RECURRING income from its portfolio of investment properties has secured Cromwell Property Group (CMW) first half operating earnings of $32.9 million.
CEO of the property trust and funds manager company Paul Weightman (pictured) says FY11 was a period of consolidation as the group steadily worked to improve the quality of its investment property portfolio by acquiring premium assets and selling smaller properties.
“During this period, we’ve pursued a strategy of rebalancing our property portfolio towards assets with long lease profiles, which we believe will offer the highest risk-weighted return while improving the value of those assets through development and refurbishment,” he says.
“The reward for this hard work can be seen in our exceptional leasing profile – we have an average of just 5.4 per cent leasing expiry in each of the next five years and one of the longest weighted average lease terms in the sector.”
Weightman says the company started the year positively after securing a tenant for its distribution centre at Hoppers Crossing in Victoria on a 10-year lease.
The lessee is a joint venture between Woolworths and US home improvement retailer Lowes and the lease covers 52,600sqm and follows the completion of stage two of a three stage refurbishment of the property.
“The distribution centre was the largest vacancy for Cromwell’s property portfolio for the 2011 financial year, so securing the new lease reduces the amount of vacant or expiring income in FY11 down to 5.3 per cent,” says Weightman.
“To complete major building works on an asset of this size and secure a new tenant within two months of a property being vacated is a rarity and speaks volumes about Cromwell’s in-house property management competitive advantage.”
Weightman says the group will continue its disciplined approach to growth, focusing on improving the quality of its portfolio.

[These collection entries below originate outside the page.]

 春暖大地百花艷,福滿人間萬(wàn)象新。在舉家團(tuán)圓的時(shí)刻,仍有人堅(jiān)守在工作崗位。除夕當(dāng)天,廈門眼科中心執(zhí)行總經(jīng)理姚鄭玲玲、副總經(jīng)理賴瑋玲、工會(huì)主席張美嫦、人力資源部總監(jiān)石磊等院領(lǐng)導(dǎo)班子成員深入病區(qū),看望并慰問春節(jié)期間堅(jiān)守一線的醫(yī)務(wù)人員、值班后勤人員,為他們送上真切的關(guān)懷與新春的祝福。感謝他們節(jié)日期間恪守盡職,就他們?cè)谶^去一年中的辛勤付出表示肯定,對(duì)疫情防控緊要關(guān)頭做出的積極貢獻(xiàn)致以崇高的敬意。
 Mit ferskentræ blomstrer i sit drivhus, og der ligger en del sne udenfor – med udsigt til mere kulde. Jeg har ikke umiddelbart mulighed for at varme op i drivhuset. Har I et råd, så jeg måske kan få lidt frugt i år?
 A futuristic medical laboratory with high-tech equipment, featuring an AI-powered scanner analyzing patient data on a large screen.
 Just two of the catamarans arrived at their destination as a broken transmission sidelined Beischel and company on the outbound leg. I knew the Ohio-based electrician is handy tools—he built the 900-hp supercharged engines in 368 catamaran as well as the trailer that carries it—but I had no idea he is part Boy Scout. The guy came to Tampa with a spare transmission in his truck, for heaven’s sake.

“We aim to achieve this through selected further acquisitions, whilst supplementing property earnings with increasing contributions from funds management and opportunistic transactions as the economy and confidence continue to recover,” he says.

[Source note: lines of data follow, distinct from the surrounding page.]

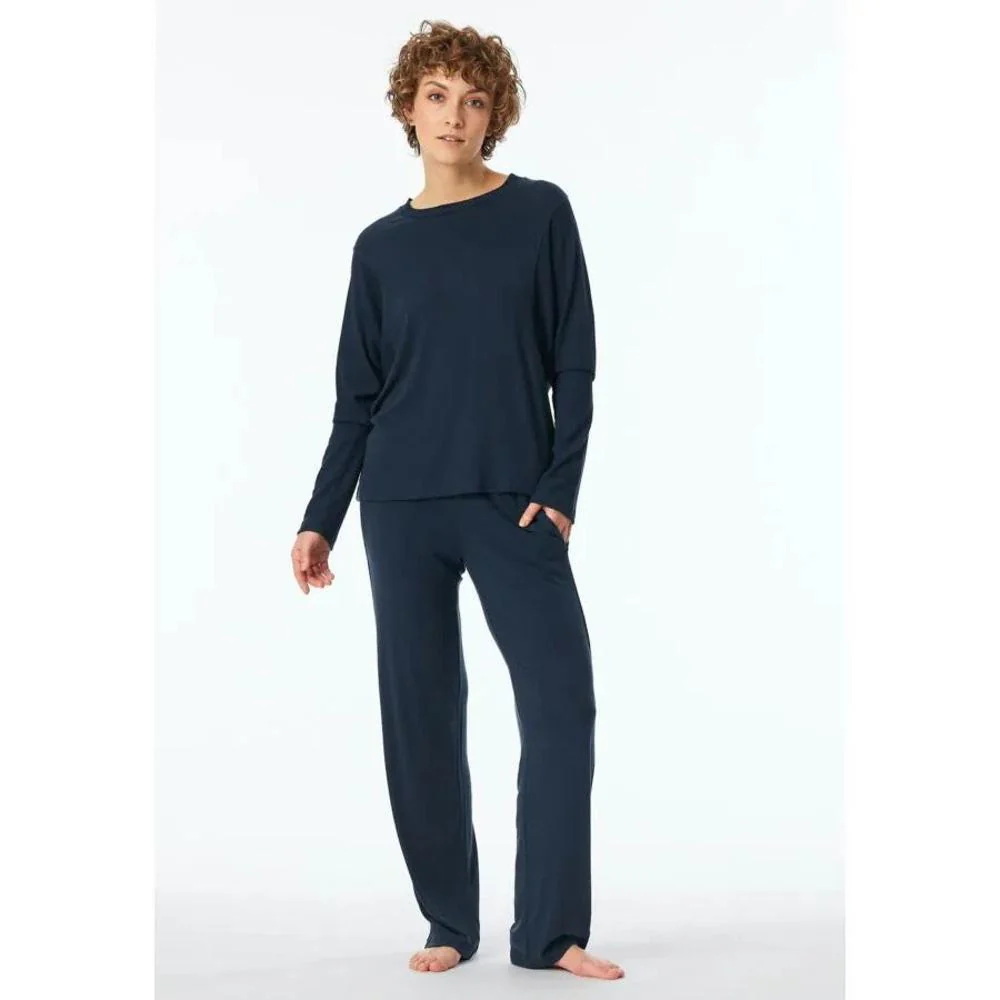 Ontspan in stijl met deze nachtblauwe dames sweater uit de geliefde Mix & Relax-collectie van SCHIESSER.
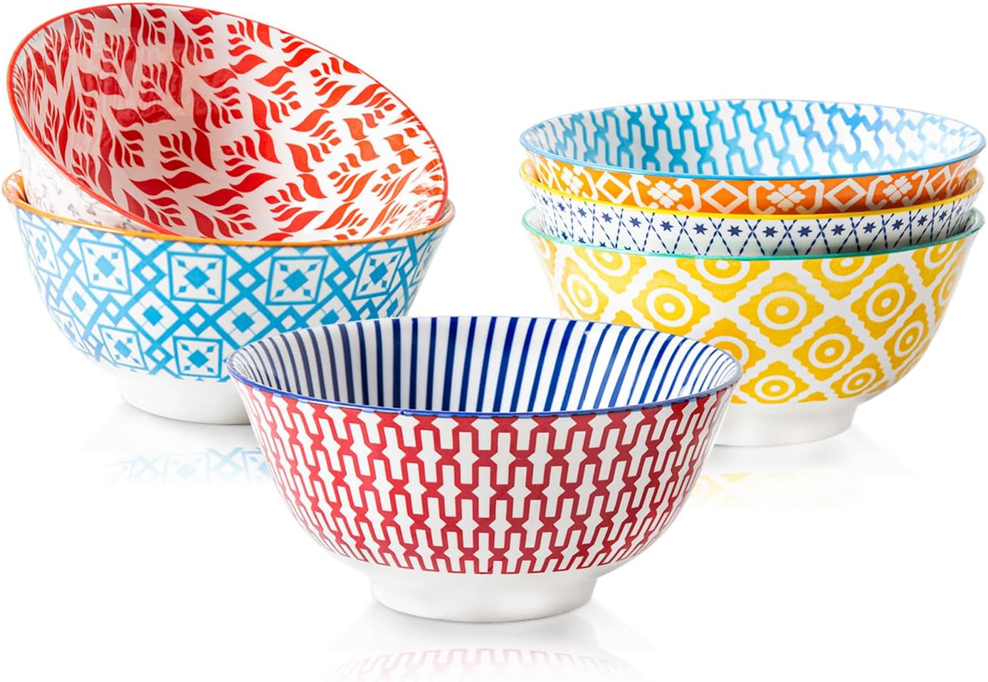 This Gibsimi set has six ceramic bowls. Each bowl can hold 24 ounces of food. They are deep, like cereal bowls, and are about 6 inches wide. These are good-sized bowls for eating meals like pasta, salad, noodles, rice, or even dessert. They are safe to use in the microwave and the dishwasher. The set comes with different colors for the bowls.
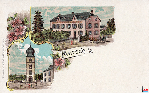 Mersch: Tour St. Michel - Château des Seigneurs de Mersch - Eglise décanale de Mersch - Gare de Mersch - Ecoles primaires Merschoises <=1901 (Carte postale: Verlag A.W. Rosenzweig, Luxemburg; collection: industrie.lu)
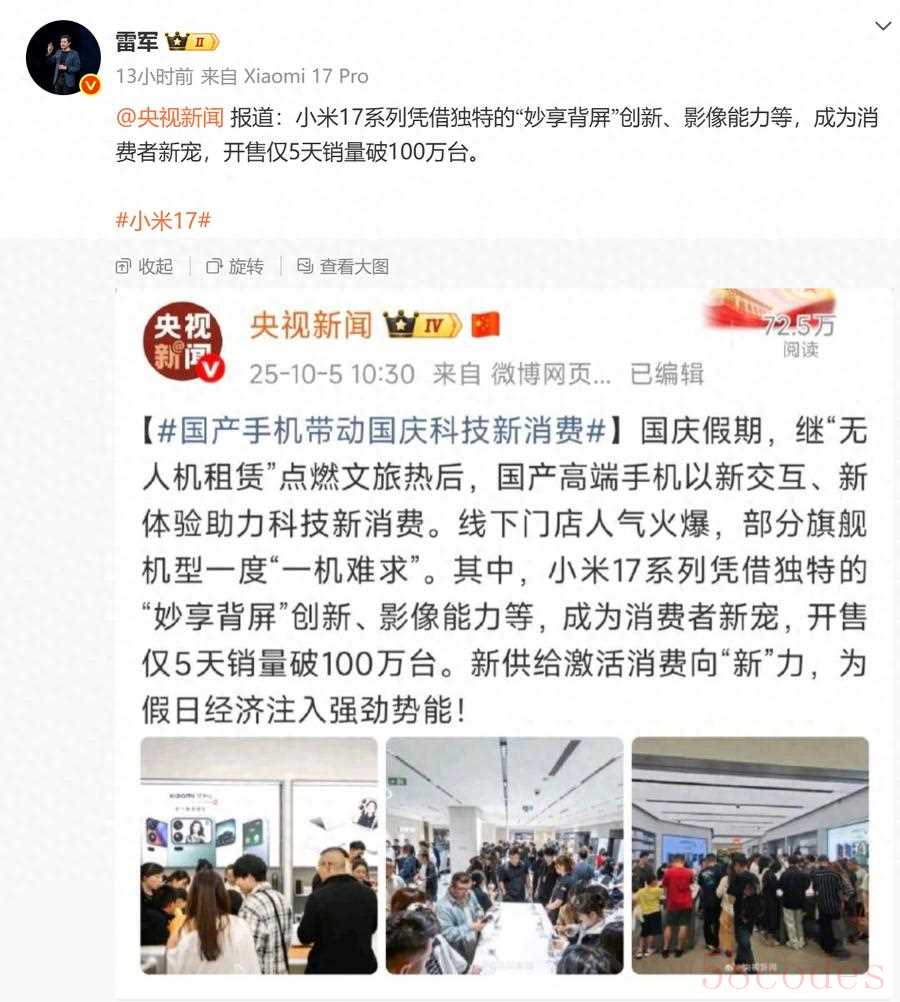3. "央视报道":关于小米17系列销量破百万的消息,确实有"央视相关频道或平台进行了报道或提及",这为该消息增添了权威性。
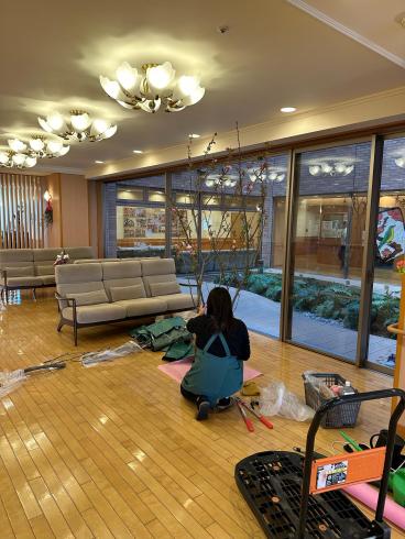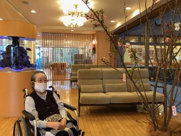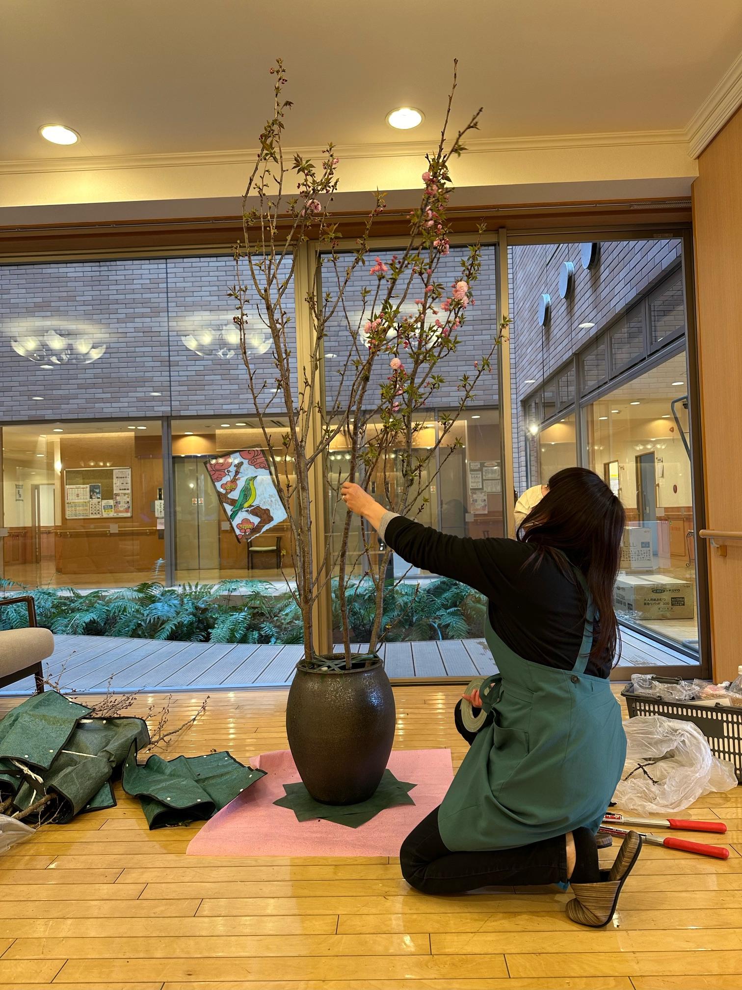 ツクイ・サンシャイン町田西館では、本日(22日)エントランスに八重桜が装花され、一足早く春らしい装いとなりました!

“We’ll continue to look at opportunities for corporate or property transactions, which protect or enhance our operating earnings and NTA per security.”
Weightman outlines earnings growth as a focus for the company in FY11.

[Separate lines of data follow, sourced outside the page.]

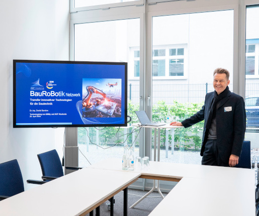 Das ZIM-Netzwerk Baurobotik (BauRoBo) befindet sich in der Vorbereitungsphase. Unter Leitung des Netzwerkmanagers Dr.-Ing. Daniel Bandow diskutierten die Teilnehmer Möglichkeiten und Aufgaben des in Gründung befindlichen Netzwerks.
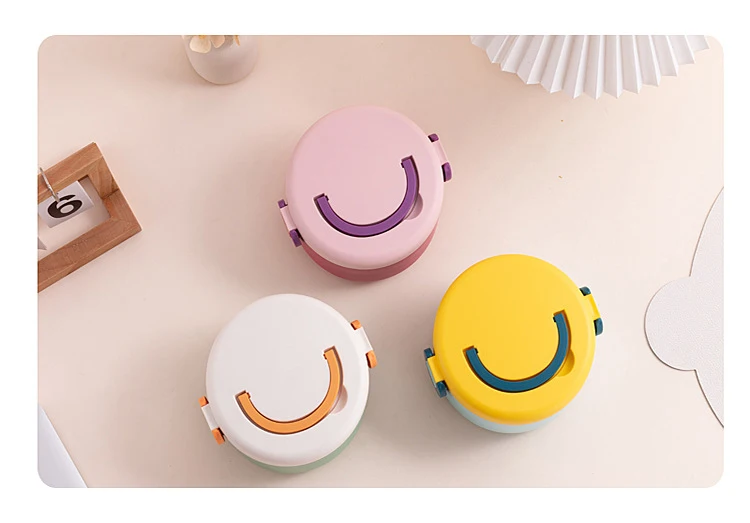 Cartoon Bento Box for Kids School Food Storage Container Microwavable Portable Picnic Basket Round Lunchbox with Handle
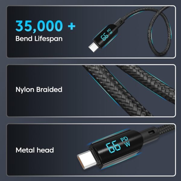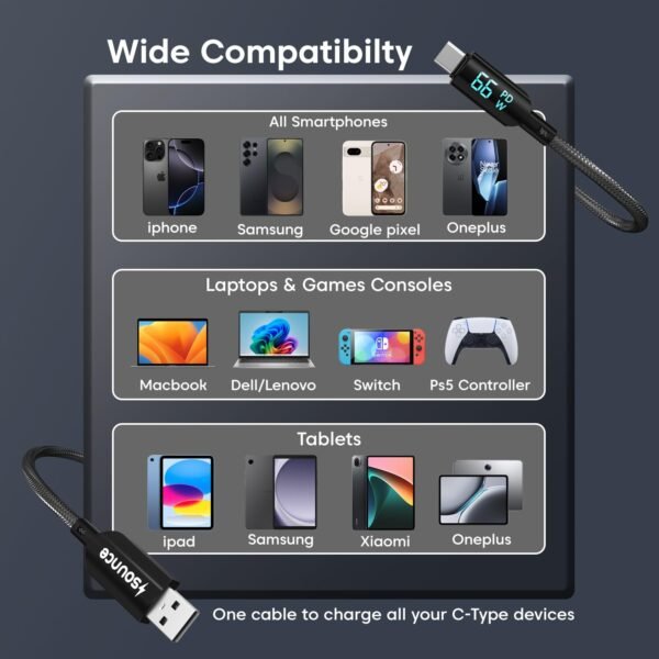 Sounce 66W Type-C Fast Charging Braided Cable 6.5A Output LED Display Real-Time & Tangle-1.2M Length 480Mbps Data Transfer 3.0 Universal Compatible for Phones Tablet Laptop & More (Black)

“Irrespective of any future transaction, the group remains well placed to return to earnings growth in FY12 through continued growth in underlying property earnings, supplemented by likely improving contributions from the group’s funds management activities,” he says.
The company recently re-branded to Cromwell Property Group from Cromwell Group to better reflect the nature of the business as a property trust and property funds manager.
“This action is part of a company-wide brand revitalisation aimed at driving improved customer experiences and creating a consistent and recognisable brand platform in preparation for future growth,” says Weightman.
“Last year also saw the restructure of the unlisted Cromwell Property Fund, with the group acquiring two assets from the funds.”
During December 2010, the company announced it had agreed with Centro, to extend Cromwell’s exclusive dealing period for the acquisition of the Centro MCS direct property syndicate funds management business.